[YOUR ASSIGNMENT] From the line containing "zadaj mat efekt/teksturo" to the final line of the entries, copy each line exactly. Pictures stay out.

[DATA SHOWN]

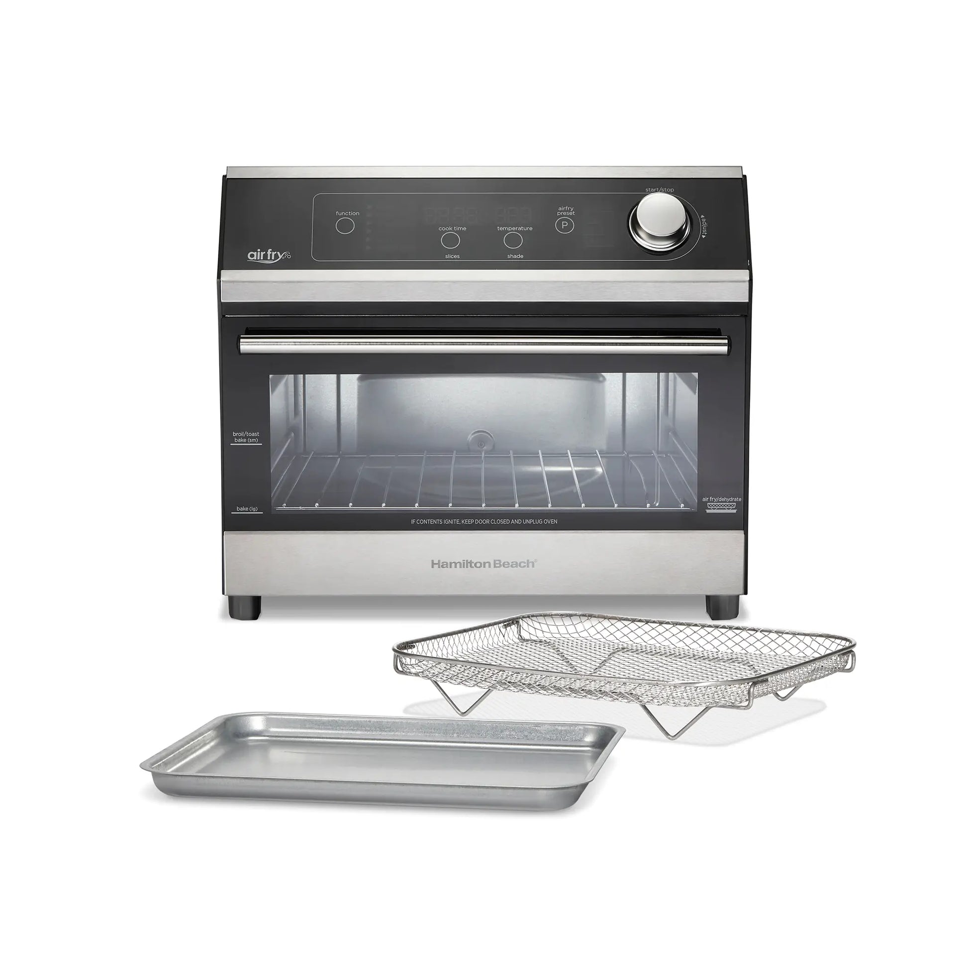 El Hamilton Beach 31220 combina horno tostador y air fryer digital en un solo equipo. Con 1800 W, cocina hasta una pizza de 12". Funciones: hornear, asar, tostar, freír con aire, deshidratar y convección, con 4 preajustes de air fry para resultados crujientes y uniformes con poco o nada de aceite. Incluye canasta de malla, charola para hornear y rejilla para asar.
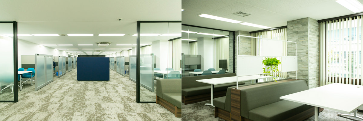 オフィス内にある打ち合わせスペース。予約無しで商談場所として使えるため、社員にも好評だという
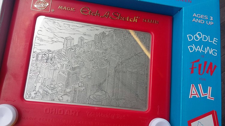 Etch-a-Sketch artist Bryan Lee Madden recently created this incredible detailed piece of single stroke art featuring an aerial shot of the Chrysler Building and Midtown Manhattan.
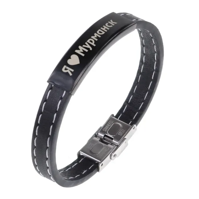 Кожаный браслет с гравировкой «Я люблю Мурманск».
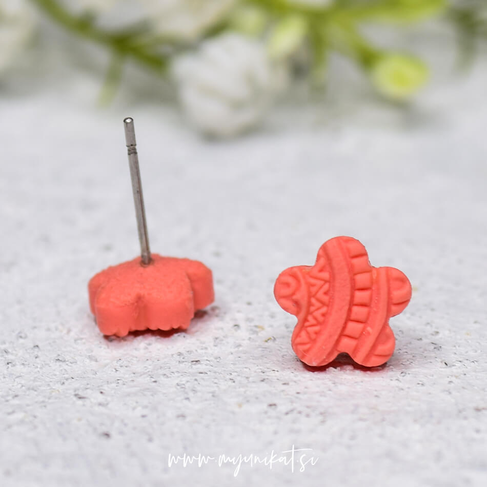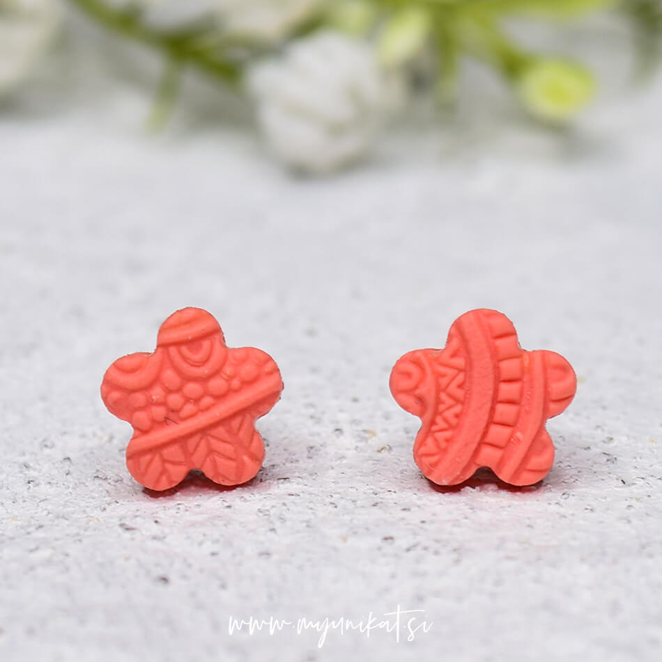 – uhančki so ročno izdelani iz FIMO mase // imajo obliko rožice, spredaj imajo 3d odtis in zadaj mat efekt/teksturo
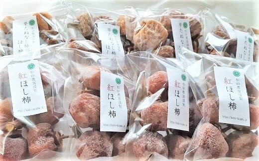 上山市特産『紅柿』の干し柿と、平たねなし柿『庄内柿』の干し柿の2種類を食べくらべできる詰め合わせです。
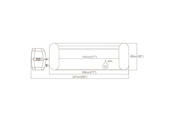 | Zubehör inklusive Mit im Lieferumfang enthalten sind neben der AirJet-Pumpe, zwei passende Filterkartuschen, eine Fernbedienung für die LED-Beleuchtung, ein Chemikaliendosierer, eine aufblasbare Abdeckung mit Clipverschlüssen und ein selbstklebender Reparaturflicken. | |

[EXPECTED ANSWER]
 – uhančki so ročno izdelani iz FIMO mase // imajo obliko rožice, spredaj imajo 3d odtis in zadaj mat efekt/teksturo
 上山市特産『紅柿』の干し柿と、平たねなし柿『庄内柿』の干し柿の2種類を食べくらべできる詰め合わせです。
 | Zubehör inklusive Mit im Lieferumfang enthalten sind neben der AirJet-Pumpe, zwei passende Filterkartuschen, eine Fernbedienung für die LED-Beleuchtung, ein Chemikaliendosierer, eine aufblasbare Abdeckung mit Clipverschlüssen und ein selbstklebender Reparaturflicken. | |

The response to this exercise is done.